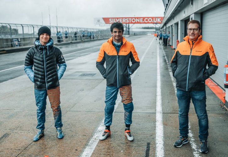 McLaren drivers Carlos Sainz and Lando Norris are up and running at Silverstone today, with the pair warming-up for the start of the 2020 season at the wheel of a pair of F3 cars supplied by Carlin.
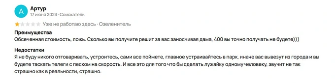 Объявление разместили владельцы «Диво Острова» — Великолукский мясокомбинат. В их профиле есть несколько отзывов, большинство из них негативные, рейтинг аккаунта составляет 1,8 «звезды». История в комментариях от Артура, работавшего там озеленителем, напоминает криминальный фильм из 90-х:
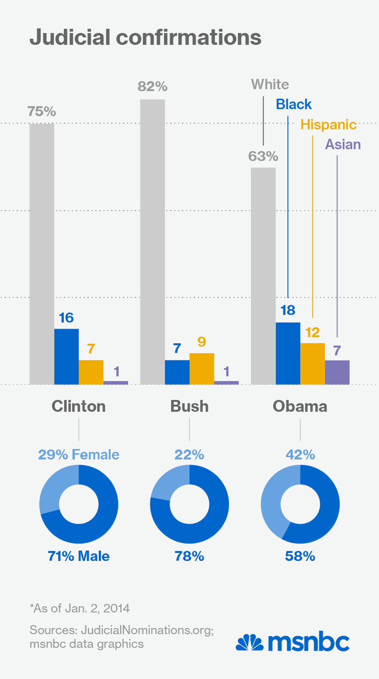 The potential implications for the federal judiciary are dramatic. While skin color is by no means a predictor of an individual’s legal or political views, studies have shown that have a woman or black judge on the bench can shift the outcome of cases dealing with matters like discrimination and voting rights. In 2009, according the Brookings Institution, only 20% of federal judges were women, 6% were black and 5% were Hispanic.
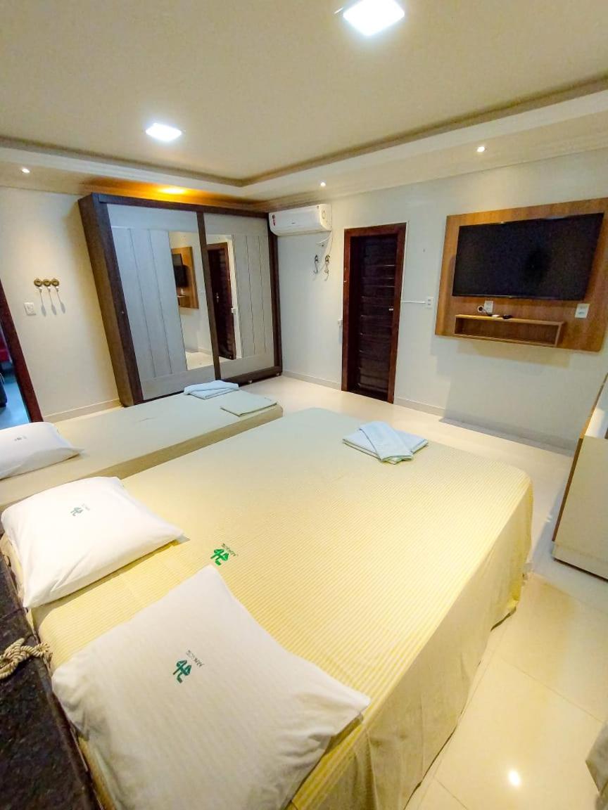 Localização, quarto espaçoso, Wi-Fi e café da manhã com tapioca feita na hora, além de um restaurante para almoço e jantar.
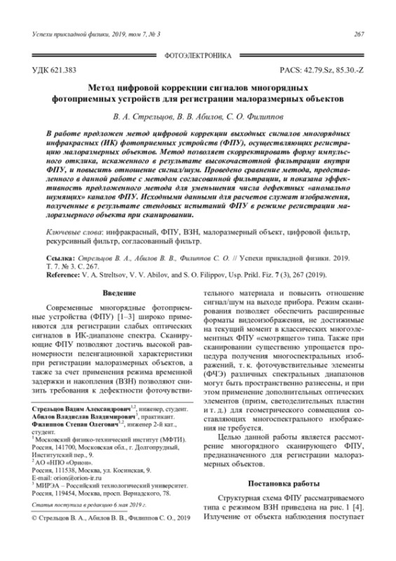 Метод цифровой коррекции сигналов многорядных фотоприемных устройств для регистрации малоразмерных объектов 267
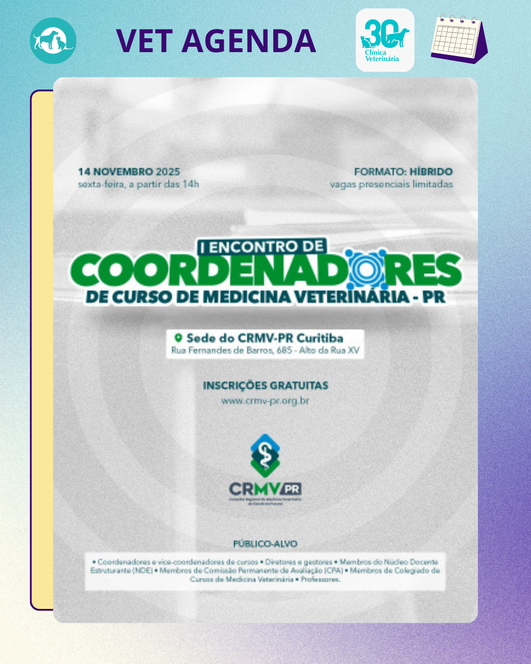 O Conselho Regional de Medicina do Paraná (CRMV-PR), por meio da Comissão Estadual de Educação da Medicina Veterinária, realizará no dia 14 de novembro, das 14h às 18h, o I Encontro de Coordenadores de Curso de Medicina Veterinária no Paraná. O evento ocorrerá na sede do CRMV-PR, em Curitiba, com transmissão ao vivo para os participantes inscritos.
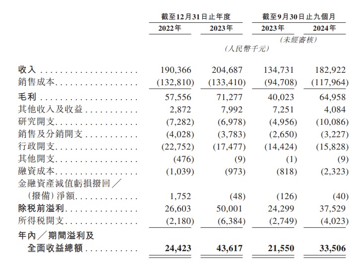 财务方面,于2022年度、2023年度、2023年以及2024年截至9月30日止九个月,金岩高新分别实现收入约为1.90亿元、2.05亿元、1.35亿元、1.83亿元人民币,年/期内溢利及全面收益总额分别为2442.3万元、4361.7万元、2155万元、3350.6万元人民币。
################
Task to complete:
Your copy should hold the lines from the one with "Localização, quarto espaçoso, Wi-Fi" up to and including the one with "Метод цифровой коррекции", exactly as in the data above, and no pictures.

Response for this exercise:
 Localização, quarto espaçoso, Wi-Fi e café da manhã com tapioca feita na hora, além de um restaurante para almoço e jantar.
 Метод цифровой коррекции сигналов многорядных фотоприемных устройств для регистрации малоразмерных объектов 267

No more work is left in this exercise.